I-S-L-A-M-A-B-A-D, baby.
Get caught up in this motha fuckin cycle of life,
And we’re all just having fun…

… from Adil Omar’s Islamabad and Islamabad II

ISLAMABAD — Adil Omar — referring to himself here as “Paki Rambo” — is working the entertainment value of social and personal anger, as rappers do. The twist that surprised me in conversation with Islamabad’s 20-year-old hip-hop star is that he also sees himself offering the world a light and cool side of Pakistan that the West doesn’t know. “I mean as soon as you hear Pakistan, all you think about is target killings and bombings and heroin and acid burning, and … It’s just really ugly. And that is a reality as well, but there are a lot of levelheaded, rational people who live here as well and I’d just like to represent those people.”

Adil Omar is a child of the Pakistani elite in an unhappy outpost of American empire; and he’s a player in a global entertainment world that the Internet has created. It’s a mix of roles that puts him closer to the beats of the South Bronx and the recording industry in Los Angeles than he is to the hometown neighbors. Pakistan, as he says, is just a fraction of his fan base, which runs from the States to Europe to South Africa to Japan. But he’s telling us a lot about the tensions that many Pakistanis live with.

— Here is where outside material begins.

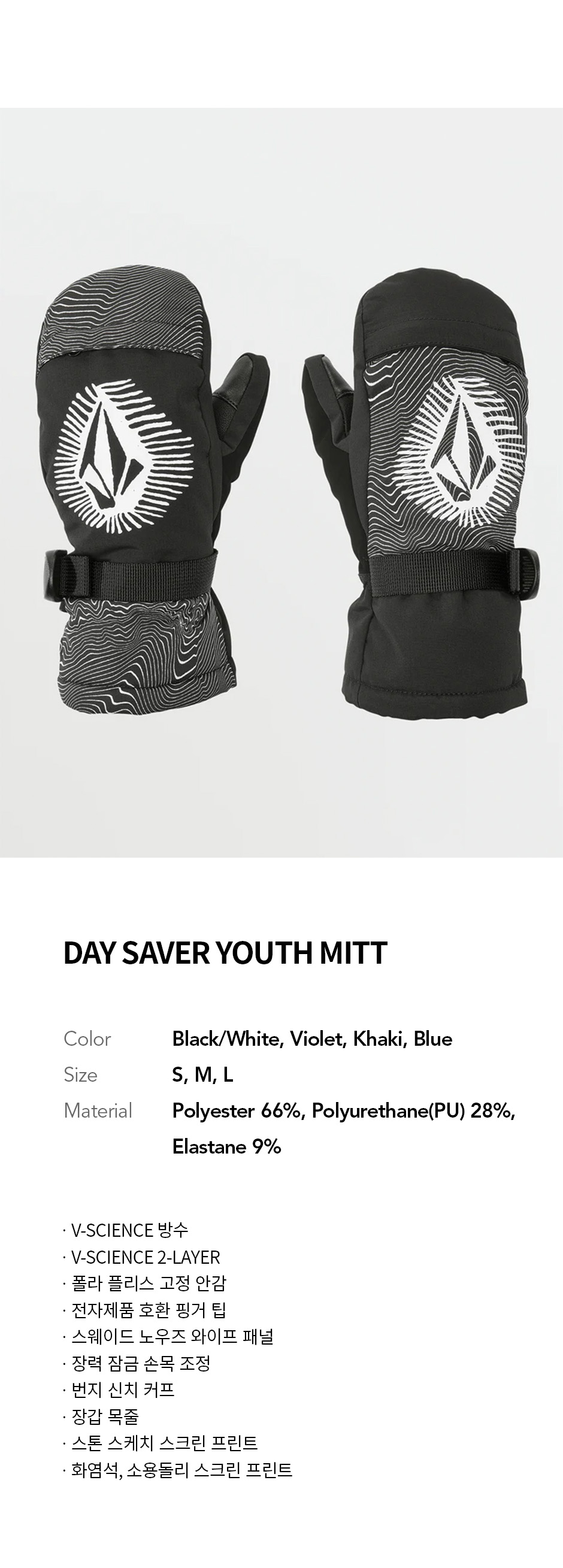 볼컴 키즈 DAY SAVER 글러브 블랙 화이트

AO: There are certain things you can’t say in this country… I mean, if I said certain things I’d probably get killed. The fact that there’s no freedom of thought and freedom of speech in this country is offensive to me. You can’t talk about political systems. You can’t talk about religion. I mean it’s not open to discussion at all, it’s just too dangerous. I wish I did have the balls to put myself at risk but I don’t. I would like to live longer.

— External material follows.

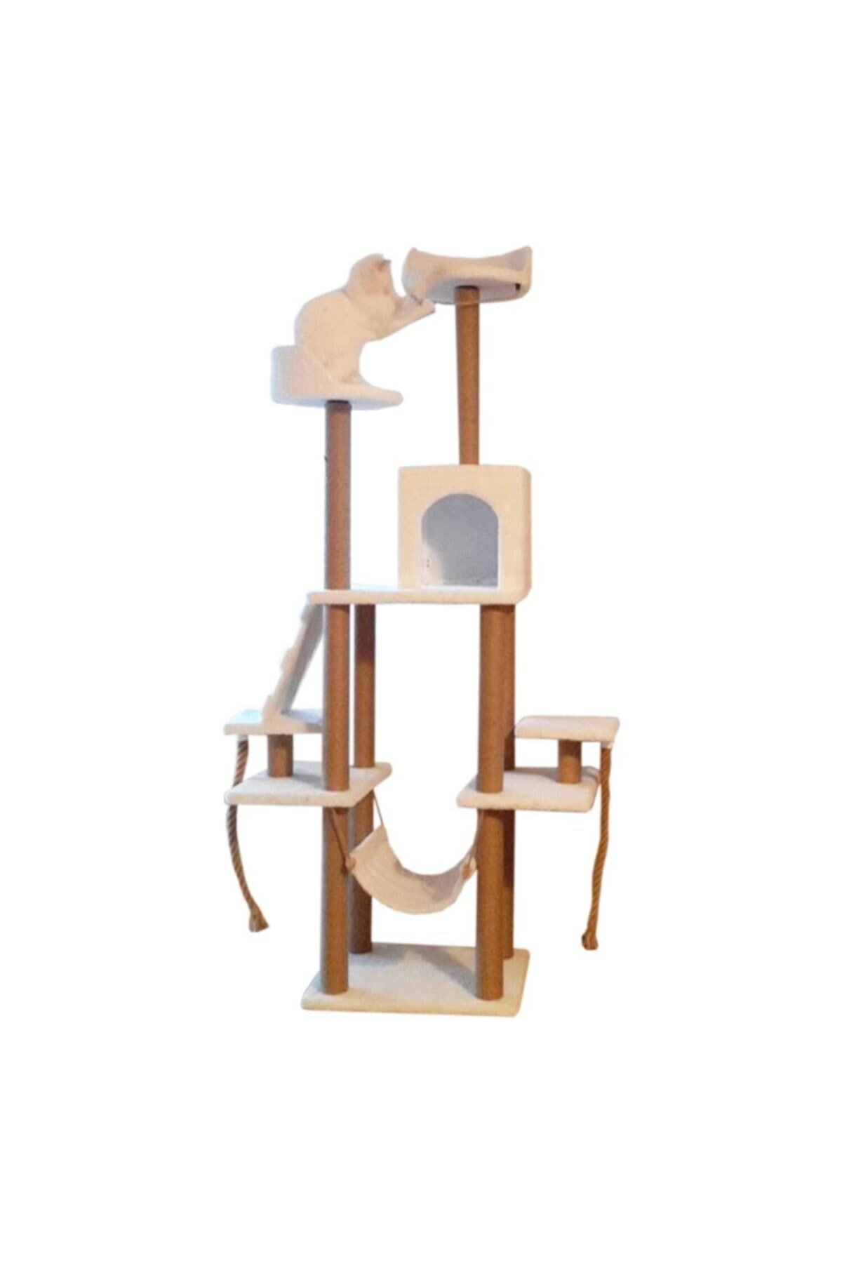 PETHOME ÇOK KATLI YUVALI KEDİ TIRMALAMA VE OYUN PLATFORMU Kediler için eğlenceli bir oyun platformudur Yetişkin ve yavru kedileriniz için özel olarak üretilmiştir.Yetişkin ve Yavru kedilerinizin kendilerine ait özel oyun alanlarına sahip olabilmesine olanak sağlar. Örme keten halat özelliğinden dolayı dayanıklıdır, Kediler için, tırmanma, tırmalama, gerilme ve yuva ihtiyaçlarını aynı anda karşılamak amacıyla özel olarak tasarlanmış, sisal tırmalama kolonları, welsoft peluş kaplı yuvası bulunan tırmalama setidir. Tüm yaş kediler için uygun, her tarafı peluş kaplı, tüm taşıyıcı dikmeleri tırmalama silindiri olan, tamamen demontable, ekstra sağlam, üzerinde birçok katı, balkonu, kapılı kedi evi ve oyuncak takılabilen elastik ipleri bulunan, uyuma-uzanma alanları ile muhteşem kedi kulesidir kolay temizlenebilen welsoft kumaş kaplı tablalardan oluşmaktadır; Taban ölçüsü : 40X50 cm; Yüksekliği :185 cm; Yuva ölçüsü:30x30x30 cm; krem renk ;

CL: People don’t seem to hesitate to say they live in a dysfunctional state. That’s a kind of freedom. Sometimes it seems like a chirping, cheerful little prison colony you’ve got here… but it is chirping.

AO: I mean it depends… Obviously if you know what’s going on you have to admit that this is a really dysfunctional place. But sadly a lot of people are either apathetic or in complete denial about their surroundings. It’s just that peoples’ priorities are completely messed up. I mean I have a friend for example who’s a totally normal rational guy and with pride he was saying ‘You know Pakistan’s the second fastest growing nuclear nation in the world, isn’t that amazing?’ and I was, like, no that’s not amazing. I mean we don’t have any money for education and healthcare; why is that amazing? And he was saying it with pride, so I mean it’s just people love the idea that we’re some big bad fighting nation with awesome weapons and awesome this and awesome that. You know? I think it’s absurd. It’s like an ego thing. I think people have their priorities wrong.